Throughout 2006, Rusdi was one of the mentors for a series of film workshops conducted for students/teenagers, including a group of young detainees at a juvenile correctional center located in Jakarta. She wrote a screenplay for a short film directed by Lasja Fauzia called "(Almost) A Mischance", and is distributed by a Singaporean distribution company that leads the short film to circle the international festivals. She also worked with Malaysian stage director/writer Ann Lee adapting Lee's script, "Hang Li Poh" into Indonesian. One chapter from the adaptation was performed during the International Women Playwrights Conference in November 2006. Later that year, Rusdi was one of the programmers (alongside short filmmaker Farishad Latjuba, documentary filmmaker Alex Sihar, and artist Ade Darmawan) for the first Southeast Asian Short Film Competitions held in Jakarta.
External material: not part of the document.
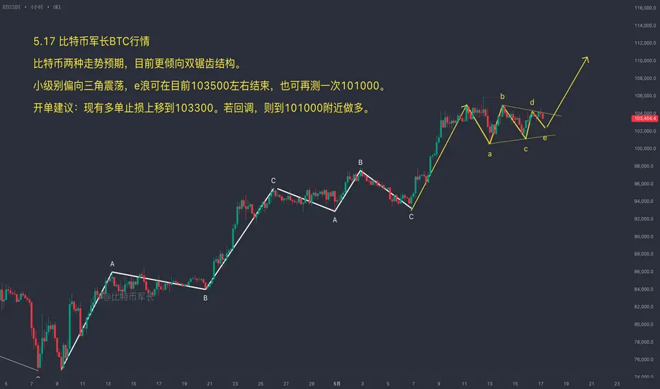 综上分析,小结构偏三角震荡,e浪可在目前位置左右结束,也可以再测一次101000左右,所以设个小止损,如下破则到101000附近再接了。

She was nominated at Festival Film Indonesia 2006 for her screenplay "Garasi".

In January 2007, Prima Rusdi, along with about 300 filmmakers including Mira Lesmana, Riri Riza, Nia Dinata, returned their awards from the government-funded Festival Film Indonesia to the Minister of Arts and Culture as a protest against the Indonesian government for the lack of support and transparency and a series of restrictive policies applied to the Indonesian film industry. This movement is known as MFI (Masyarakat Film Indonesia) or the Indonesian Film Society Movement. Later that year she served as a jury member on a jury chaired by British producer Jan Harlan at the 2007 International Film Festival in Bratislava, Slovakia. Other members were director Royston Tan (Singapore), actress Klara Issova (Czech Republic) and screenwriter Zuzana Liová (Slovakia).

In 2005, she had her first book, The Journey, published by Terrant Books. Her second book, 1095 Magical Days was published by KATAKITA in 2006. Prima has her third book published by Gramedia in 2007. The book is entitled Bikin Film kata 40 Pekerja Film or (Indonesian) Films According to 40 Indonesian Filmmakers. She is currently in the process of completing some scripts.